Варавва продолжал спать. Во сне он бессознательно повернул лицо в сторону ворвавшегося в тюрьму бледного света, и тихая улыбка заменила суровость прежнего выражения. Пока он так лежал, можно было вообразить, на что походило это дикое, неопрятное существо в юности; была некоторая грация в его позе, несмотря на скованные члены. Над густой нечесаной бородой виднелся рот с нежным изгибом губ, и отпечаток степенной красоты лежал на широком лбу и закрытых глазах. В действительности он был свирепый, не раскаявшийся преступник, но в полном спокойствии сна его можно было принять за невинную жертву жестокой судьбы.
С рассветом необыкновенное движение и шум послышались в наружном дворе темницы.
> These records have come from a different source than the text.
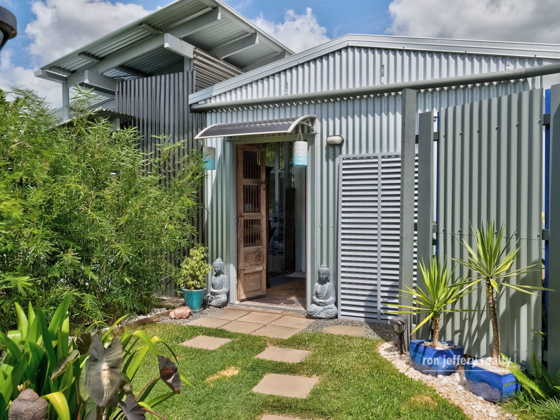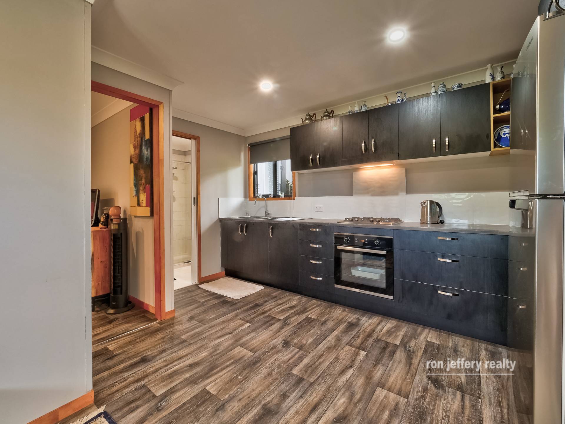The first building is a near new self-contained cabin! You enter via a semi-enclosed front deck with blinds and shutters to control the weather. The cabin is cosy, with one bedroom (with BIR), a fully equipped bathroom and an open plan living area that has the kitchen to one side. There is a gas cooktop, air conditioning and modern finishes.
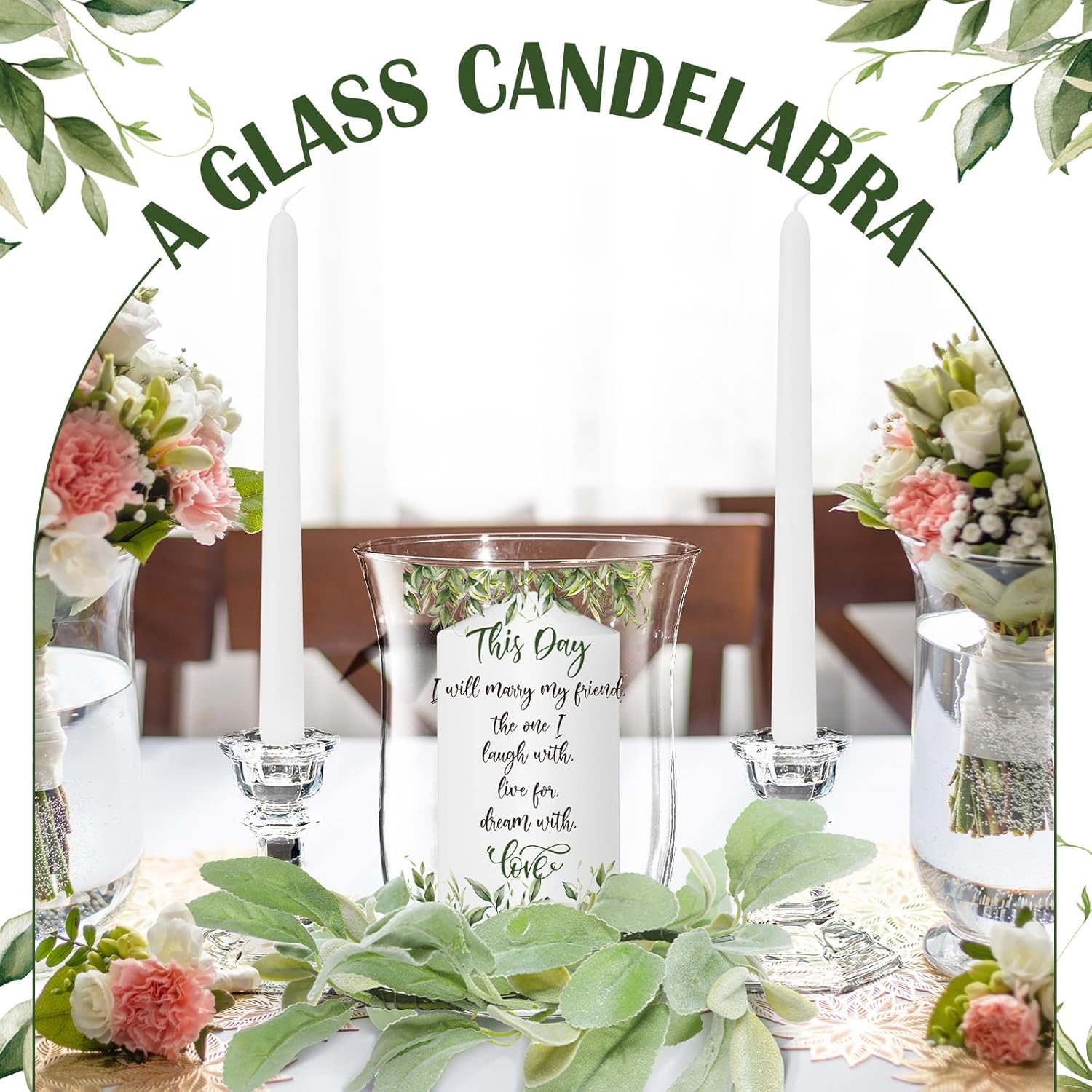 - What You Will Receive: the package includes 3 wedding candles, 3 glass candle holders for pillar candles, and a eucalyptus leaf candle holder garland; They are very coordinated together and can decorate tables and parties to create a romantic atmosphere; Well packaged to ensure safe arrival
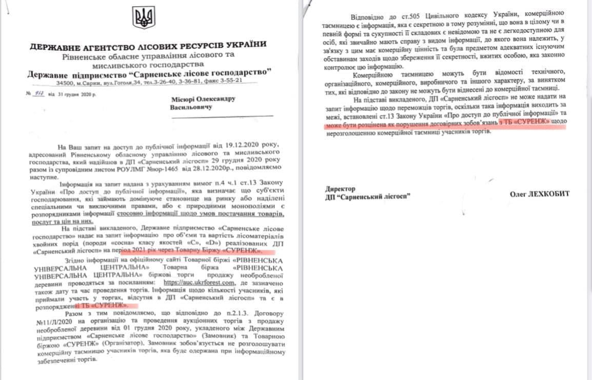 Іншим, не менше важливим питанням є те, як Рівненське обласне управління лісового та мисливського господарства скоординовало діяльність лісгоспів Рівненщини, що вони одномоментно і організовано продають великі об’єми лісових ресурсів через товарну біржу «Суренж» в підозрілих і нечесних умовах?
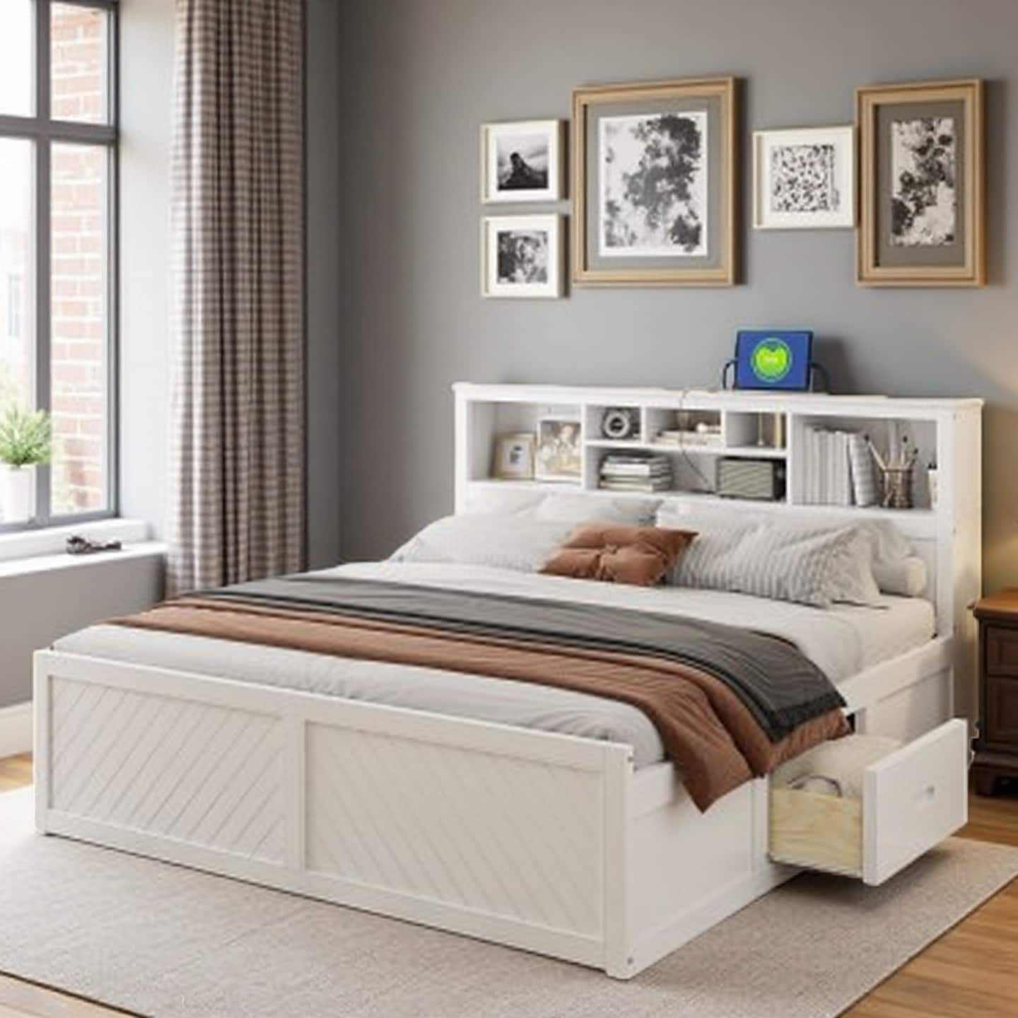 King Size Wood Platform Bed with Multi-Compartment Storage Headboard, USB Charging Ports, and Side Drawers

Варавва, усталый до изнеможения, расслышал шум, не отдавая себе в нем отчета. Потом, так как шум все увеличивался, он нехотя раскрыл глаза и, приподнявшись на один локоть, стал прислушиваться. Вскоре он различил бряцание оружия и мерные шаги людей. Пока он сонно и вяло спрашивал себя, что могло означать это необыкновенное явление, бряцание и равномерные шаги все приближались и, наконец, остановились у самых его дверей. Ключ повернулся в замке, огромные задвижки были отдернуты, дверь открылась, и такой яркий свет блеснул, что он невольно поднял руки к глазам, чтобы их защитить, как бы от удара. Мигая, как ночная птица, он привстал, упорно и бессмысленно глядя на то, что было перед ним. В дверях тюрьмы стояла группа блестящих доспехами римских солдат, и во главе их, с факелом в руках, стоял офицер.
– Варавва, выйди!
Варавва смотрел сонно, ничего не понимая. Вдруг раздался визгливый крик:
– Я тоже, я Ганан, я невиновен! Призовите и меня в суд! Будьте справедливы! Не я убил фарисея, а Варавва! Милосердие праздника должно быть для Ганана! Не может быть, что вы возьмете Варавву, а меня оставите!
Никто не обратил внимания на эти возгласы. Офицер лишь повторил свое приказание:
– Варавва, выйди!
Очнувшись окончательно, Варавва, с трудом приподнимаясь, приложил все усилия, чтобы исполнить приказание, но тяжелые цепи ему мешали. Заметив это, центурион отдал приказание своим людям, и несколько минут спустя оковы пали и преступник был окружен стражей.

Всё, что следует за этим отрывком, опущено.